We first use the __pandas__ library to read our raw unpreprocessed __review_dataset__ and split into training and testing datasets. Let's take a look of what does the dataset look like.

In [4]:
import pandas as pd
from sklearn.utils import shuffle
from sklearn.model_selection import train_test_split

df = pd.read_csv('data/NLP/review_dataset.csv')

X_train, X_test, y_train, y_test = train_test_split(df.drop("log_votes", axis =1), df["log_votes"],
                                                  test_size=0.10,  # 10% test, 90% tranining
                                                  shuffle=True # Shuffle the whole dataset
                                                 )

pd.concat([X_train, y_train], axis = 1).to_csv('data/NLP/review_dataset_AG_training.csv', index=False)
pd.concat([X_test, y_test], axis = 1).to_csv('data/NLP/review_dataset_AG_test.csv', index=False)

X_train.head()

Unnamed: 0,reviewText,summary,verified,time,rating
21972,Update 5/2/2011\nOk this software is starting ...,Errors in Mortgage Calculations & Software dis...,True,1303948800,1.0
6156,Great software product. I have used this produ...,Great software,False,1425427200,5.0
39264,When I tried to download the Turbo Tax program...,Virus??,True,1451347200,2.0
35413,The topo map is outdated as far as road names ...,SE topo,False,1178668800,3.0
8245,"Ripped me off this last year, though I used th...","Filling out the forms is fine, especially if y...",True,1426464000,2.0


#### 2.2 Use AutoGluon TabularPrediction to train a regressor 

AutoGluon can deal with a varied of tasks such as Image Classification, Object Detection, Text Classification, etc. Please see more details at [autogluon.task](https://autogluon.mxnet.io/api/autogluon.task.html). Our task in this demo is `TabularPrediction`, which is equipped to predict values in column of tabular dataset (classification or regression).
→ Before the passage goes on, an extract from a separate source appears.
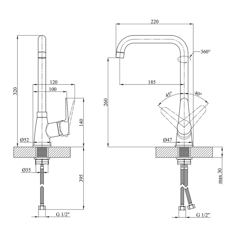 Смеситель для кухни Kroner KRM Elbe-SCH030 однорычажный черный CV023771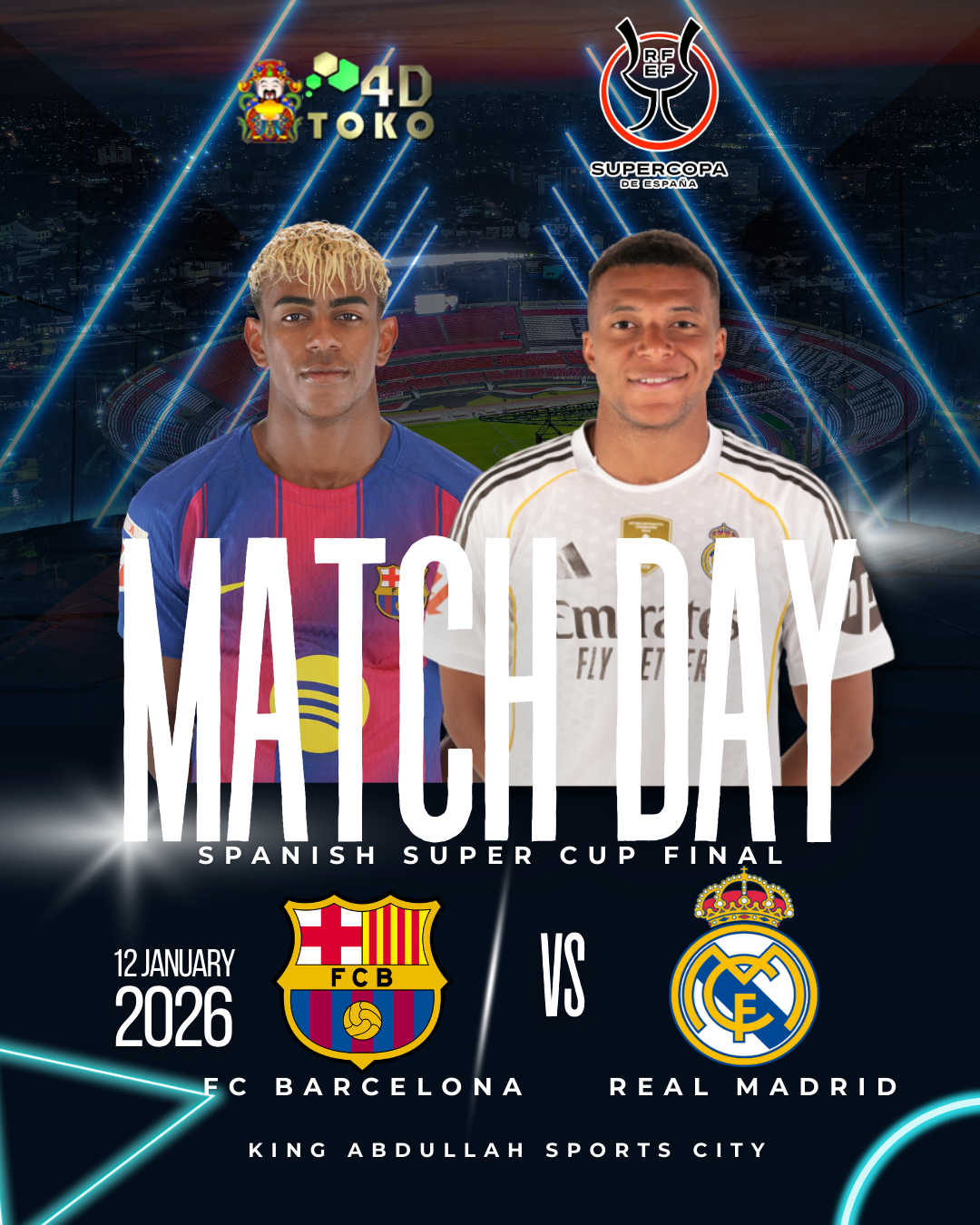 TOKO4D – Pertandingan Barcelona vs Real Madrid pada babak final Piala Super Spanyol 2026 akan digelar di King Abdullah Sports City, Jeddah, Arab Saudi. El Clasico di ajang Supercopa de Espana ini dijadwalkan kick-off Senin, 12 Januari 2026, jam 02.00 WIB.

Now, let's load the raw unpreprocessed training and test datasets. 

In [5]:
from autogluon import TabularPrediction as task

train_data = task.Dataset(file_path='data/NLP/review_dataset_AG_training.csv')
test_data = task.Dataset(file_path='data/NLP/review_dataset_AG_test.csv')

# For speed, grab a small subset of the dataset
train_data = train_data.head(1000)

Loaded data from: data/NLP/review_dataset_AG_training.csv | Columns = 6 / 6 | Rows = 49500 -> 49500
Loaded data from: data/NLP/review_dataset_AG_test.csv | Columns = 6 / 6 | Rows = 5500 -> 5500


##### Hyperparameters

To train a regressor with AutoGluon `TabularPrediction`, we need to configure the `hyperparameters` parameter. By default, it is a dictionary of key-value pairs. The keys are strings that indicate which ML models to train, includes: 
- ‘NN’ (neural network), 
- ‘GBM’ (lightGBM boosted trees), 
- ‘CAT’ (CatBoost boosted trees), 
- ‘RF’ (random forest), 
- ‘XT’ (extremely randomized trees), 
- ‘KNN’ (k-nearest neighbors).

And the values are dictionaries of hyperparameter settings for each model type. For example, we can define a `hyperparameters` "hyp" as 

```
hyp = {'NN': {'num_epochs': 500}, 'GBM': {'num_boost_round': 10000}, 'CAT': {'iterations': 10000}, 'RF': {'n_estimators': 300}, 'XT': {'n_estimators': 300}, 'KNN': {}, 'custom': ['GBM']}
```

Let's define the hyperparameters for this demo.

In [7]:
# For speed, change the default hyperparameters
hyp = {'GBM': {'num_boost_round': 1000}, 'CAT': {'iterations': 1000}}

##### Auto_stack

Auto_stack decides whether to automatically attempt to select optimal `num_bagging_folds` and `stack_ensemble_levels` based on data properties. This can decrease the training time by up to 20x, but can produce much better results. Additionally, this can decrease inference time by up to 20x.

Now we are ready to define and train our model using `fit()`, which trains neural networks and various types of tree ensembles by default.

In [10]:
auto_stack = True 

model = task.fit(train_data = train_data, label = 'log_votes', 
                 eval_metric = 'r2', auto_stack = auto_stack, hyperparameters = hyp)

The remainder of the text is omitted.